AIM OF THE TASK: Your copy of the data should leave out the images and match everything else exactly.

DATA BLOCK:
□ □ □ □ □

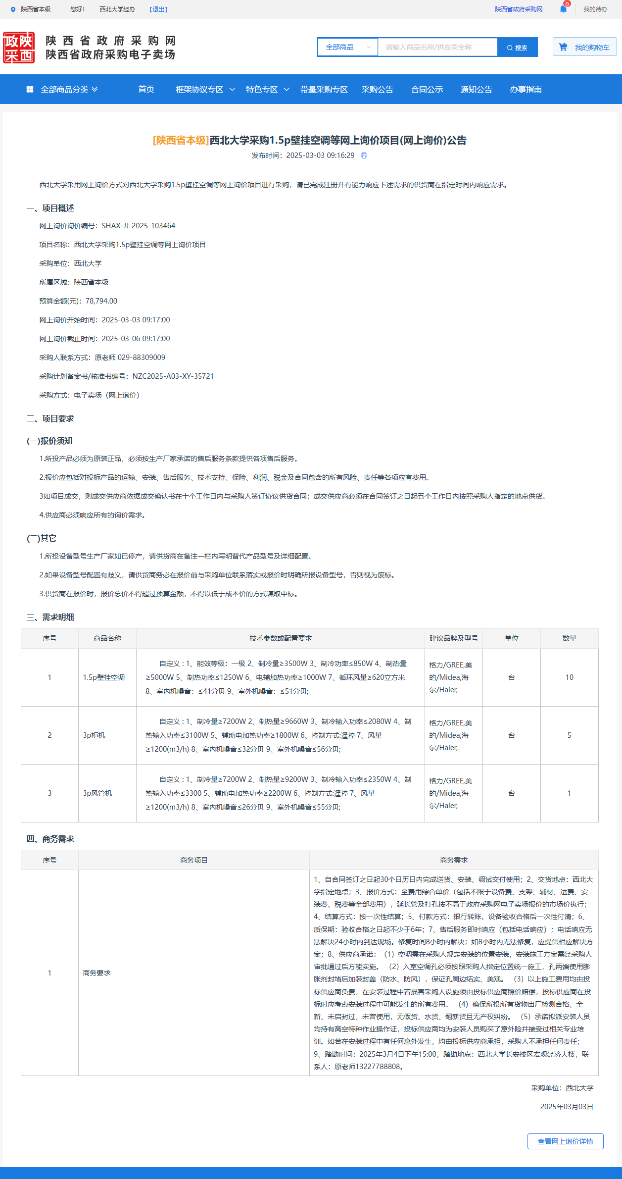 开云网页版登录入口采购1.5p壁挂空调等网上询价项目(网上询价)公告
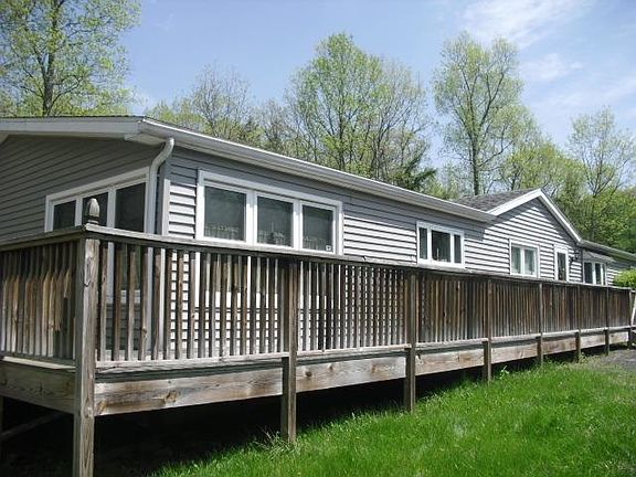 This manufactured homes in private country setting is one of the most solid you will find. Exterior walls are 2x6 construction covered with highest quality 5/8 sheetrock. Tons of room in this beautiful home. Den, family room, living room, dining room and dining area, big kitchen with handy pass through to living room. The most sumptuous master bath, 2 fire places, alarm system, clean oversized 2 car garage, very private wraparound deck with impressive mountain views. Great varied land with stream and pond.
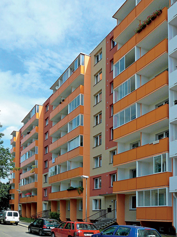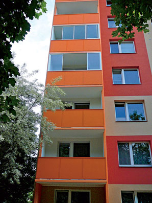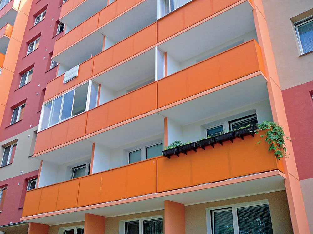 Cementotrieskové dosky s povrchovou úpravou fasádnou farbou našli uplatnenie pri kompletnej výmene zábradlí bytového domu v českom meste Kroměříž. Rekonštrukcia obvodového plášťa bytového domu na ulici K Rejdišti prebehla v roku 2007. Súčasťou stavebných prác bola aj kompletná výmena nevyhovujúceho zábradlia na balkónoch. Samotnú nosnú konštrukciu zábradlia, ktorá sa musela vzhľadom na zlý technický stav demontovať, nahradil nový rám. Nové zábradlie vrátane výplne doskami na báze cementotrieskovej dosky sa vyrobilo na mieru u dodávateľa a skompletizovalo na stavenisku. Uchytenie sa realizovalo kotvením do betónovej stropnej konštrukcie a do obvodového plášťa. Ako výplň zábradlia sa použili cementotrieskové dosky s hrúbkou 16 mm a s povrchovou úpravou fasádnou farbou vo farebnom odtieni RAL 2003 – oranžová pastelová.

□ □ □ □ □

YOUR RESPONSE:
 开云网页版登录入口采购1.5p壁挂空调等网上询价项目(网上询价)公告
 This manufactured homes in private country setting is one of the most solid you will find. Exterior walls are 2x6 construction covered with highest quality 5/8 sheetrock. Tons of room in this beautiful home. Den, family room, living room, dining room and dining area, big kitchen with handy pass through to living room. The most sumptuous master bath, 2 fire places, alarm system, clean oversized 2 car garage, very private wraparound deck with impressive mountain views. Great varied land with stream and pond.
 Cementotrieskové dosky s povrchovou úpravou fasádnou farbou našli uplatnenie pri kompletnej výmene zábradlí bytového domu v českom meste Kroměříž. Rekonštrukcia obvodového plášťa bytového domu na ulici K Rejdišti prebehla v roku 2007. Súčasťou stavebných prác bola aj kompletná výmena nevyhovujúceho zábradlia na balkónoch. Samotnú nosnú konštrukciu zábradlia, ktorá sa musela vzhľadom na zlý technický stav demontovať, nahradil nový rám. Nové zábradlie vrátane výplne doskami na báze cementotrieskovej dosky sa vyrobilo na mieru u dodávateľa a skompletizovalo na stavenisku. Uchytenie sa realizovalo kotvením do betónovej stropnej konštrukcie a do obvodového plášťa. Ako výplň zábradlia sa použili cementotrieskové dosky s hrúbkou 16 mm a s povrchovou úpravou fasádnou farbou vo farebnom odtieni RAL 2003 – oranžová pastelová.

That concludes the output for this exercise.